Currently I have text data and I am trying to predict a class. In my case I have 60 classes to choose from. When I deploy the model in random forest using scikit-learn, I get an f1 score of 78%.
However, I try to setup the model in pyspark and only get 30%. WAY TOO LOW! What is going on? Maybe I am not setting it up right.

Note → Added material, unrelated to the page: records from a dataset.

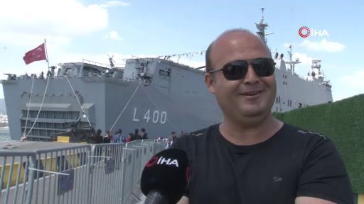 Dünyanın ilk silahlı insansız hava aracı TCG Anadolu'yu görmek isteyen binlerce İzmirli, bugün de uzun kuyruklar oluşturdu. Saatler süren bekleyişin ardından sıra kendisine gelen vatandaşlar, içeride gördükleriyle gurur duyduklarını belirtti.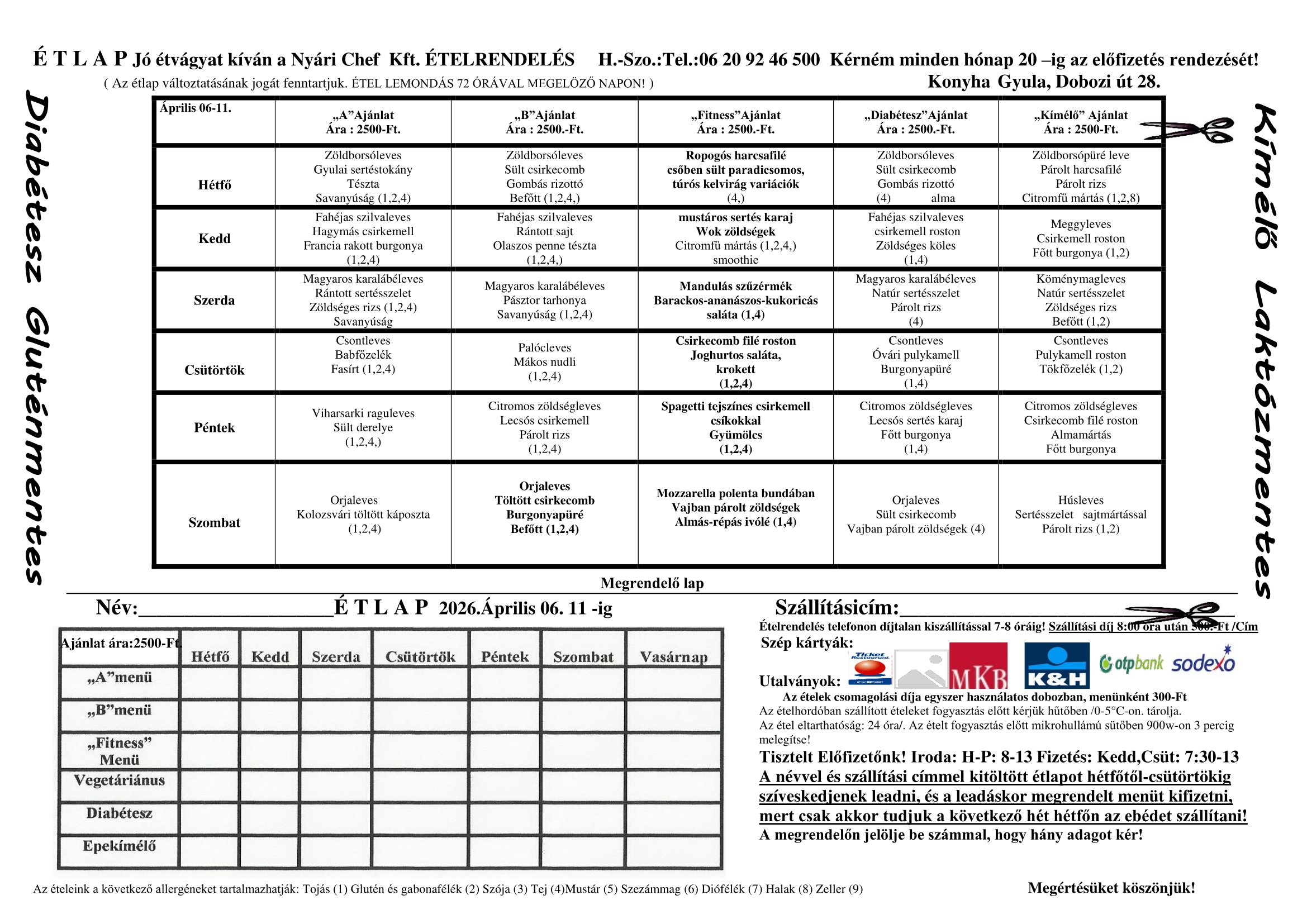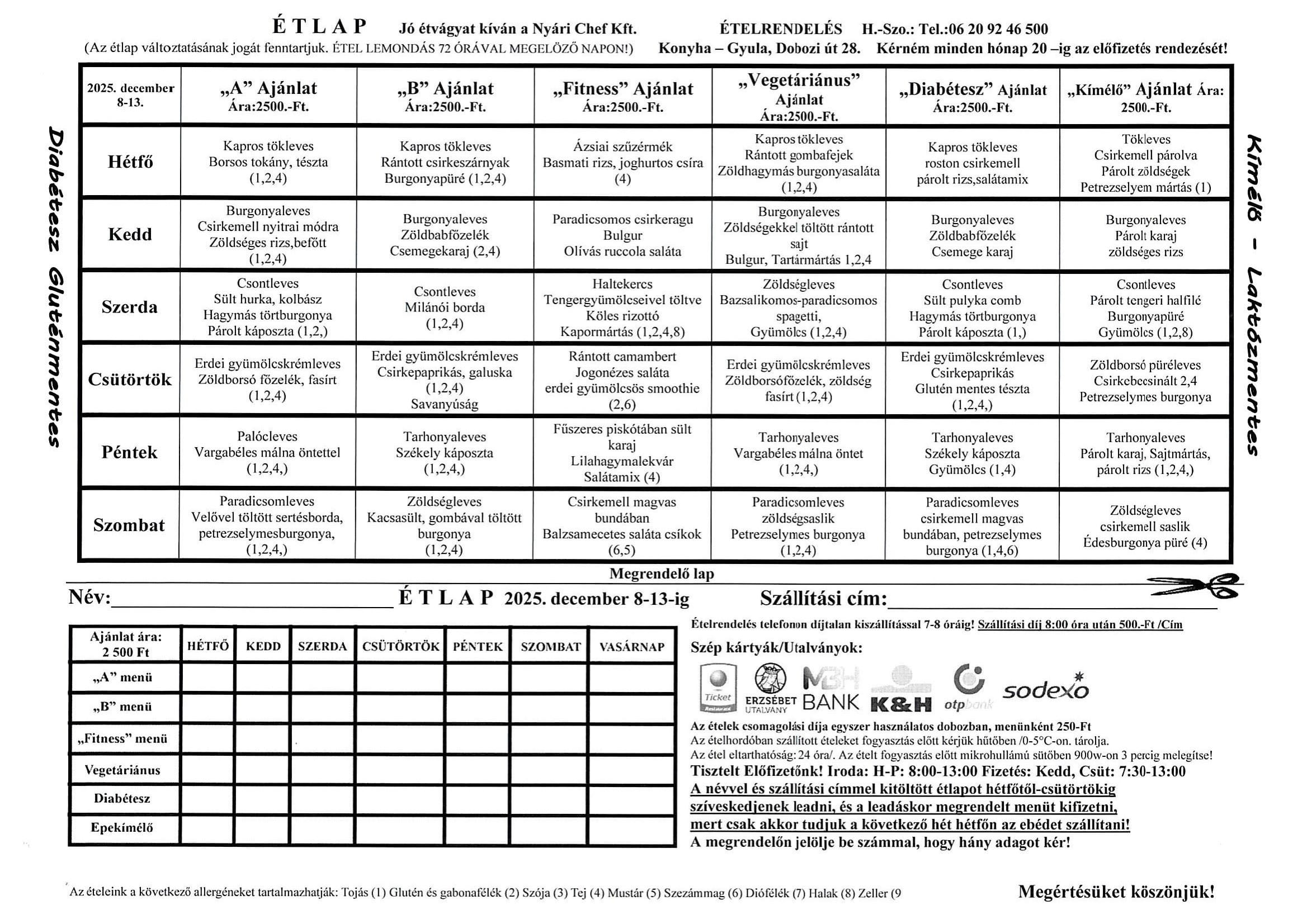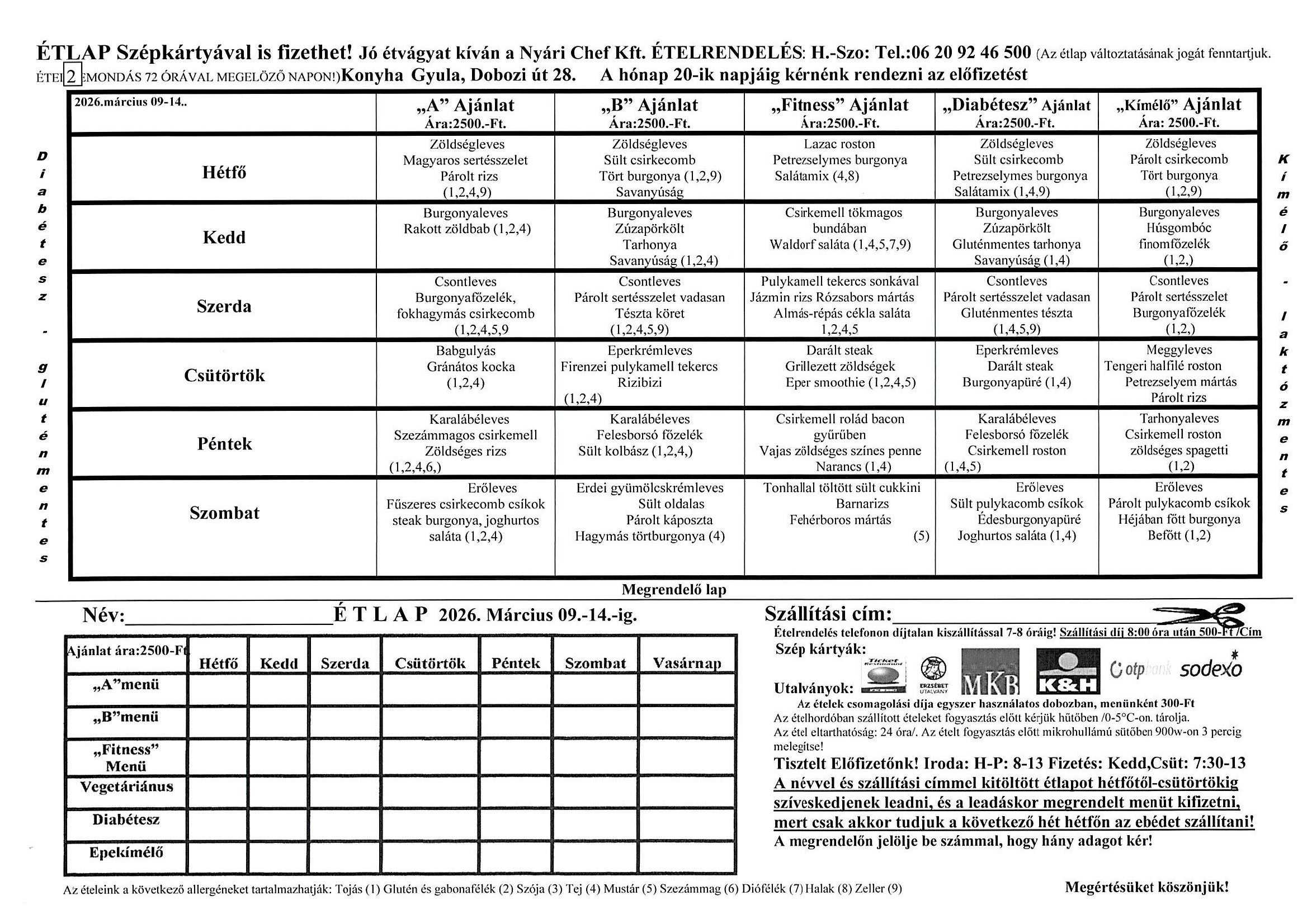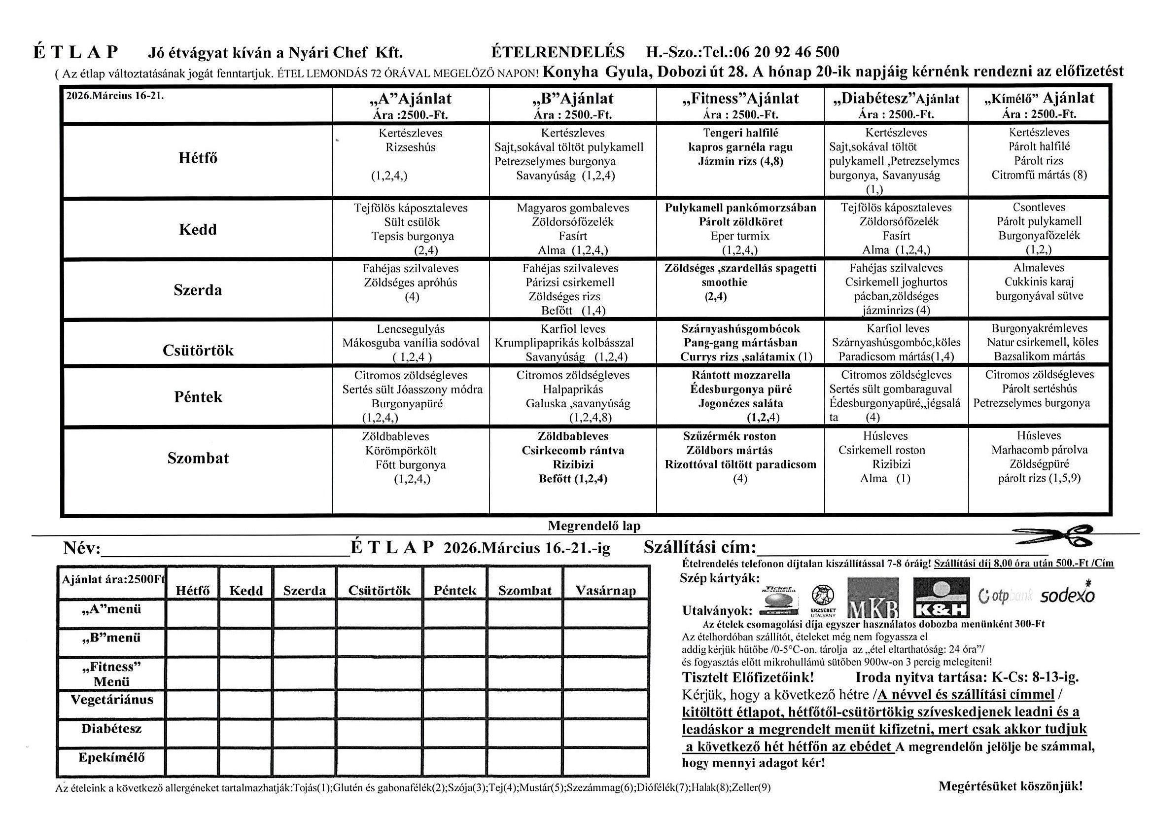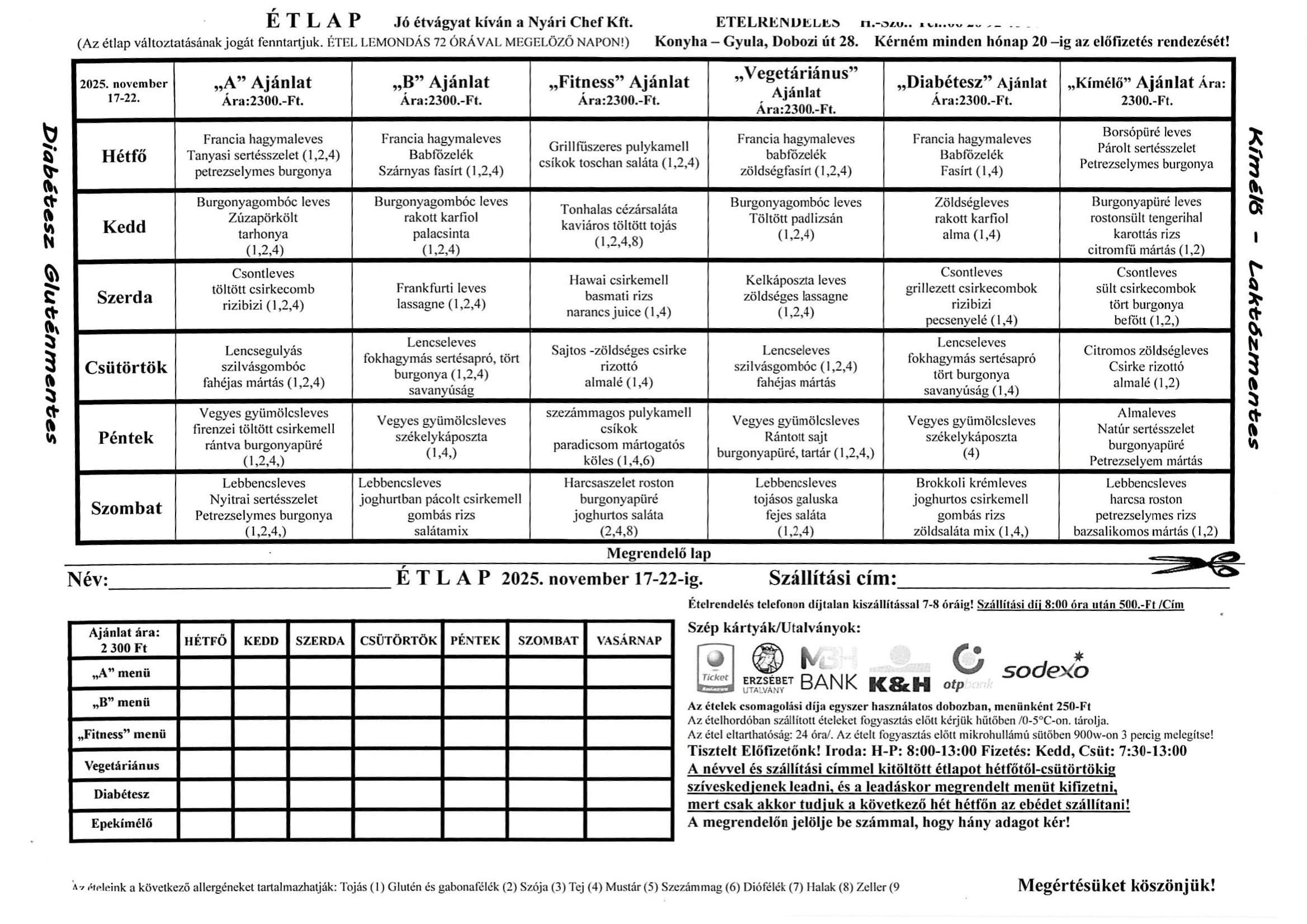 Adja le rendelését legkésőbb reggel 8.00-ig, és Békéscsabára is kiszállítjuk a választott menüjét. A kiszállítás díját a menü ára tartalmazza!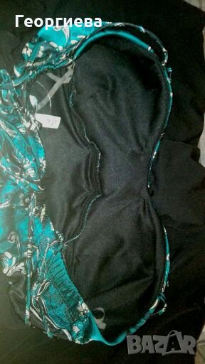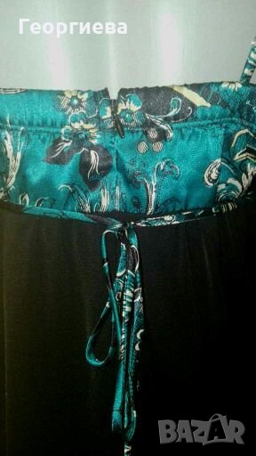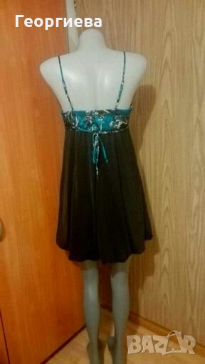 Много кокетна рокличка със сатенена цветна горна част и плътен еластичен черен полиестер надолу.Има добра еластичност и презрамките се регулират.Бюстоето е с вградени подплънки и на практика роклята може да се носи и без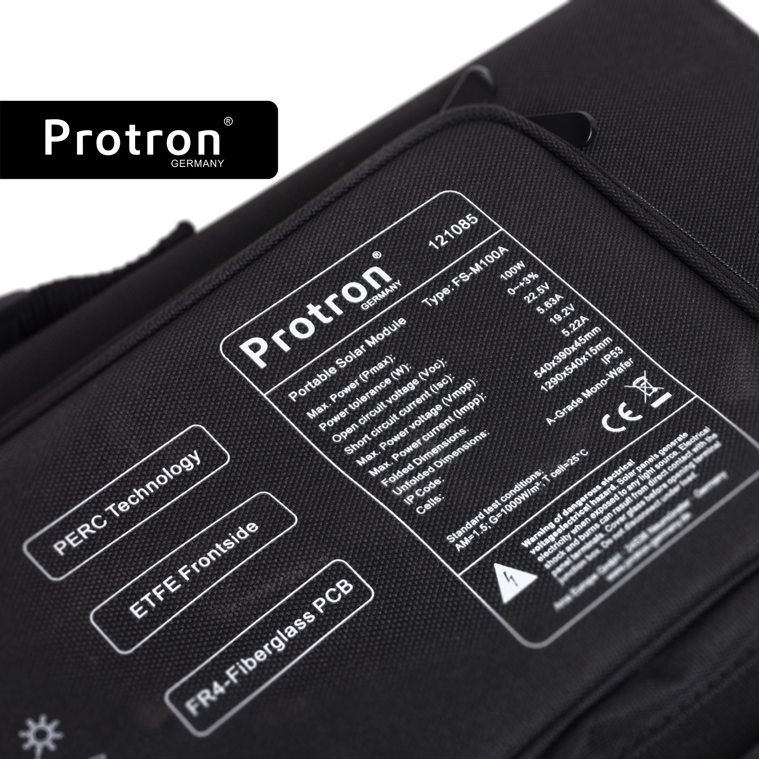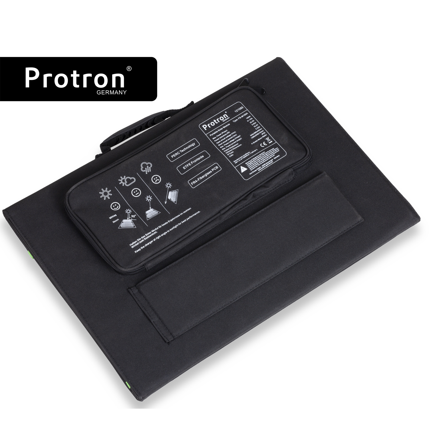 Die falt- und tragbaren Solarmodule von Protron sind universell einsetzbar für Camping, Caravaning und die meisten Outdoor-Aktivitäten. Dieses Produkt besteht aus hocheffizienten monokristallinen Zellen, die die Effizienz von Solarmodulen verbessern.

Also, with pyspark, random forest only is able to predict up to 12 labels where in my case I have 60.
Sci-kit learn code:
rf_model = Pipeline([
('featextract',FeatureExtractor()),
('union', FeatureUnion(
transformer_list=[
# pipeline for tfidf
('text', Pipeline([
('selector',ItemSelector(key='TEXT')),
('count_vec',TfidfVectorizer(max_features=5000)),
('tfidf', TfidfTransformer())])),
# pipeline for ata
('ata', Pipeline([
('selector', ItemSelector(key="ATA_SYS_NO")),
('atas',convert2dict()),
('vect',DictVectorizer())]))
])),
('model', OneVsRestClassifier(RandomForestClassifier(n_estimators=200,n_jobs=5))),
])
pySpark code
Tokenizer1 = Tokenizer(inputCol="TEXT",outputCol="words")
hashingTF = HashingTF(inputCol="words",outputCol="rawFeatures",numFeatures=4000)
idf = IDF(inputCol="rawFeatures",outputCol="tfidffeatures")
rf = RF(labelCol="componentIndex",featuresCol='tfidffeatures',numTrees=500)
pipeline = Pipeline(stages=[Tokenizer1,hashingTF,idf,labelIndexer,rf])
(trainingData,testData) = df.randomSplit([0.8,0.2])